The opinions expressed herein are based upon the laws, regulations, and published judicial and administrative decisions of the stated jurisdictions as of the date hereof, and are subject to any amendment, repeal or other modification of the applicable laws, regulations, or judicial or administrative decisions that served as the basis for our opinions, and laws, regulations and judicial and administrative decisions hereafter enacted or rendered.
This opinion letter is addressed to and is solely for the benefit of the addressee. This opinion letter is limited to the matters expressly stated herein and no opinion or other statement may be inferred or implied beyond the matters expressly stated herein. It may not, without our prior written consent, be relied upon for any other purpose or be disclosed to or relied upon by any other person without our prior written consent.

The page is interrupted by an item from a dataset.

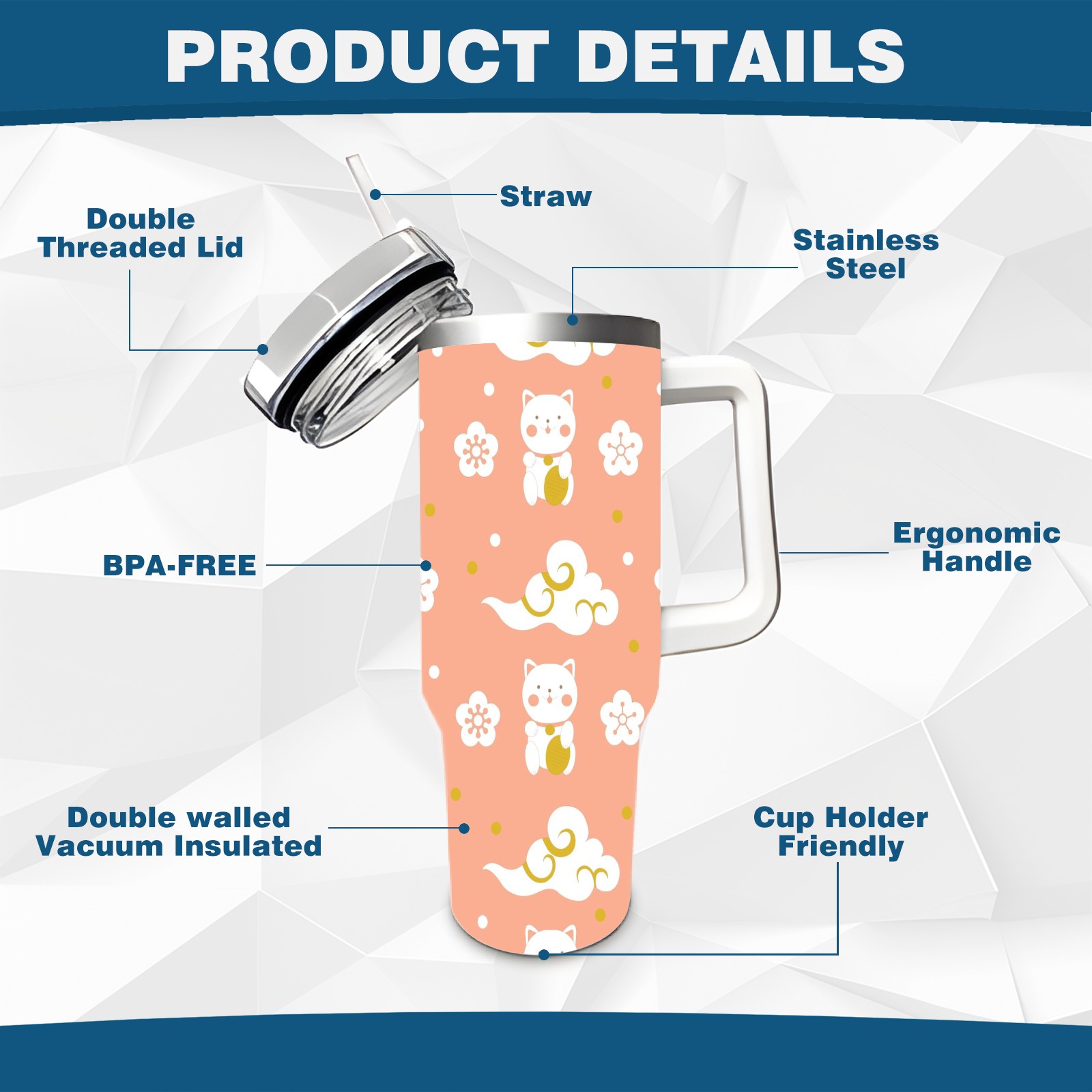 • <p>This multi-functional insulated water bottle features a simple and practical design, suitable for various daily scenarios. The ergonomic handle allows for easy one-handed drinking, and the detachable handle can be adjusted or removed as needed, making it convenient for commuting, exercising, or carrying to meetings. Made of high-quality stainless steel, it is BPA-free and features double-walled vacuum insulation technology that keeps drinks cold for 8 hours and hot for 6 hours, ensuring you can enjoy your beverage at the perfect temperature anytime, anywhere. The 40-ounce Christmas edition comes with a sliding lid, silicone straw, and a non-slip design. Accessories are dishwasher safe, and the narrow bottom and wide mouth design perfectly fits car cup holders. The exclusive flip-top straw lid is environmentally friendly and durable, with a one-touch leak-proof closure and two drinking modes: sip and gulp. A dust cover provides effective protection. This bottle is suitable for travel, office work, sports, camping, and other occasions, making it a thoughtful gift for friends and family.</p>

We hereby consent to the filing of this opinion with the Commission as Exhibit 5.4 to the Registration Statement. We also consent to the reference to our firm under the heading “Legal Matters” in each of the Registration Statements. In giving this consent, we do not thereby admit that we are in the category of persons whose consent is required under Section 7 of the Securities Act or the rules and regulations of the Commission.
This opinion is furnished to you in connection with the filing of the Registration Statement in accordance with the requirements of Item 601(b)(5) of Regulation S-K under the Securities Act.